WHAT IS EXPECTED
With the pictures left out, retype exactly the lines below starting at the line that contains "S様とN様が談笑している様子です。職員も加わり、昔話しにはながさきました♪" and ending at the line that contains "En Lace podle".

PROVIDED DATA

+===+

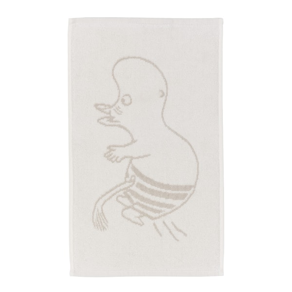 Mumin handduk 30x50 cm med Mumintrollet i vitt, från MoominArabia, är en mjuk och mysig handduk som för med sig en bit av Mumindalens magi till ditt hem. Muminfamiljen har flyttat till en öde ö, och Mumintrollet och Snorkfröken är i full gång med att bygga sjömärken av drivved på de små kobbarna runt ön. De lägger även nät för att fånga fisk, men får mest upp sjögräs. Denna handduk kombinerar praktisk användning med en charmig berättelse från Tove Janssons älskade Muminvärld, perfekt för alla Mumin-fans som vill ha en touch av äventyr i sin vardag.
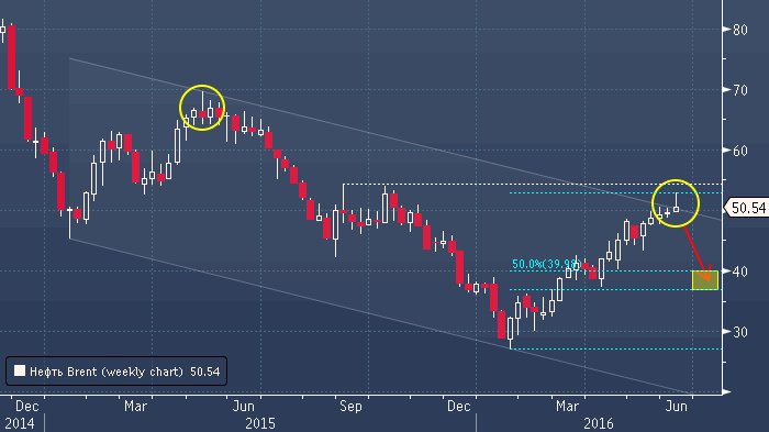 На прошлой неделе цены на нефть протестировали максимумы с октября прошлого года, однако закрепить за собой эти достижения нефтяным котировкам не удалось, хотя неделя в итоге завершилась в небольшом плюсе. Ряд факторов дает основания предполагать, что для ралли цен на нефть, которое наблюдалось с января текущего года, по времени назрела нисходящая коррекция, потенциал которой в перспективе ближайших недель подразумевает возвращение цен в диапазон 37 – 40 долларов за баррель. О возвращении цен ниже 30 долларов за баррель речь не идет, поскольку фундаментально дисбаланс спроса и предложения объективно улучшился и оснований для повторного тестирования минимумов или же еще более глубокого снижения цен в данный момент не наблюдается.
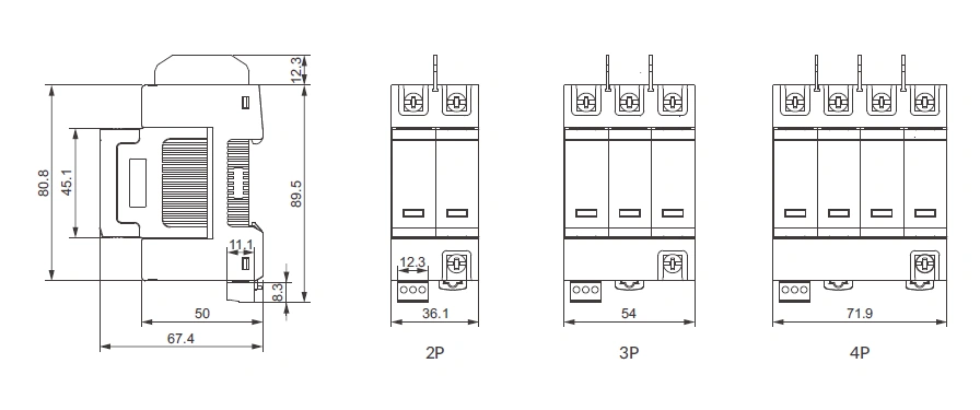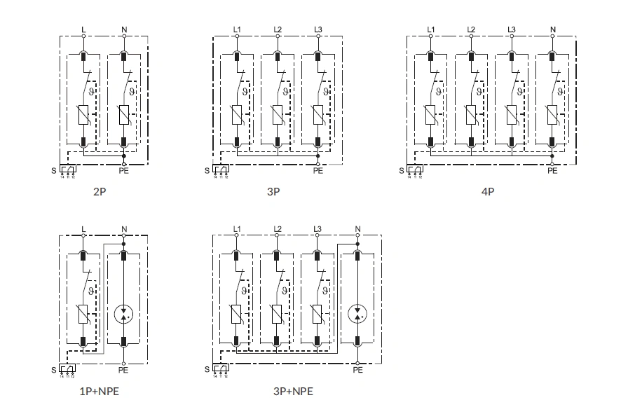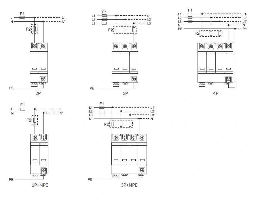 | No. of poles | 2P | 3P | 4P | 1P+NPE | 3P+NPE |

+===+

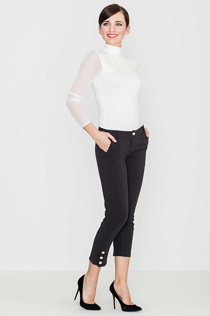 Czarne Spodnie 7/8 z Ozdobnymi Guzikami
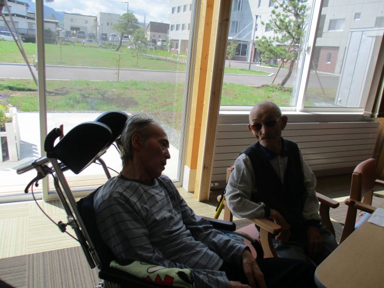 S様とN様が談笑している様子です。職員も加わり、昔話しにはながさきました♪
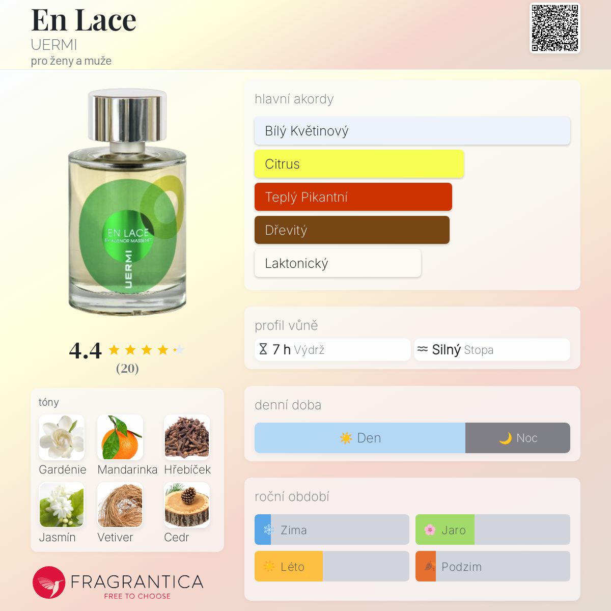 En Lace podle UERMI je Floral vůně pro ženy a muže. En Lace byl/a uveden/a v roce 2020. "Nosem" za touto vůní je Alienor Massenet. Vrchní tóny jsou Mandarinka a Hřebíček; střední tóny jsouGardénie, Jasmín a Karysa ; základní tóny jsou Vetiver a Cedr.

+===+

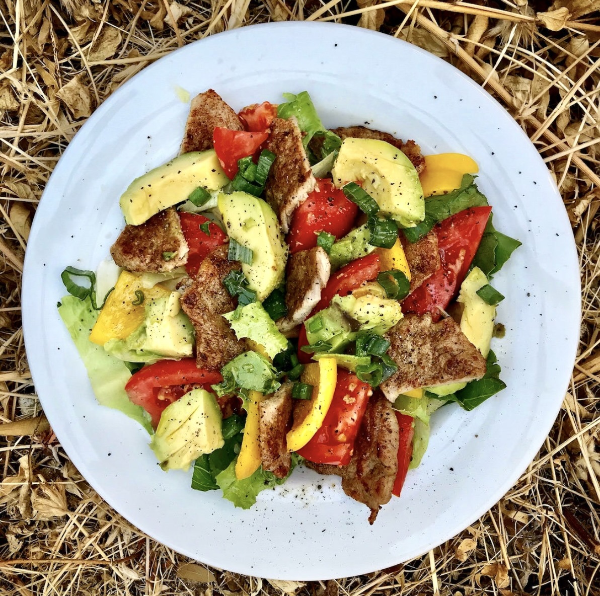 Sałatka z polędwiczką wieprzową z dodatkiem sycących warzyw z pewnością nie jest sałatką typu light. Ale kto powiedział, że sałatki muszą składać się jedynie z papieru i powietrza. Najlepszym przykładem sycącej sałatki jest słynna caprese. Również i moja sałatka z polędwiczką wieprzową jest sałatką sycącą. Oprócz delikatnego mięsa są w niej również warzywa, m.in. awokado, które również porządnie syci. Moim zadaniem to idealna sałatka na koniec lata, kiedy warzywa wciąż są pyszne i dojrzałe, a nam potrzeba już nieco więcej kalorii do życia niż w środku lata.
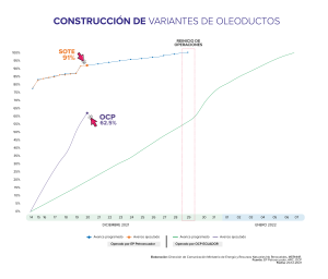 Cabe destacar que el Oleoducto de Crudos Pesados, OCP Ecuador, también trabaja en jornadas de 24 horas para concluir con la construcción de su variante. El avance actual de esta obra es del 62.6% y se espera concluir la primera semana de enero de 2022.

+===+

WRITTEN SOLUTION
 S様とN様が談笑している様子です。職員も加わり、昔話しにはながさきました♪
 En Lace podle UERMI je Floral vůně pro ženy a muže. En Lace byl/a uveden/a v roce 2020. "Nosem" za touto vůní je Alienor Massenet. Vrchní tóny jsou Mandarinka a Hřebíček; střední tóny jsouGardénie, Jasmín a Karysa ; základní tóny jsou Vetiver a Cedr.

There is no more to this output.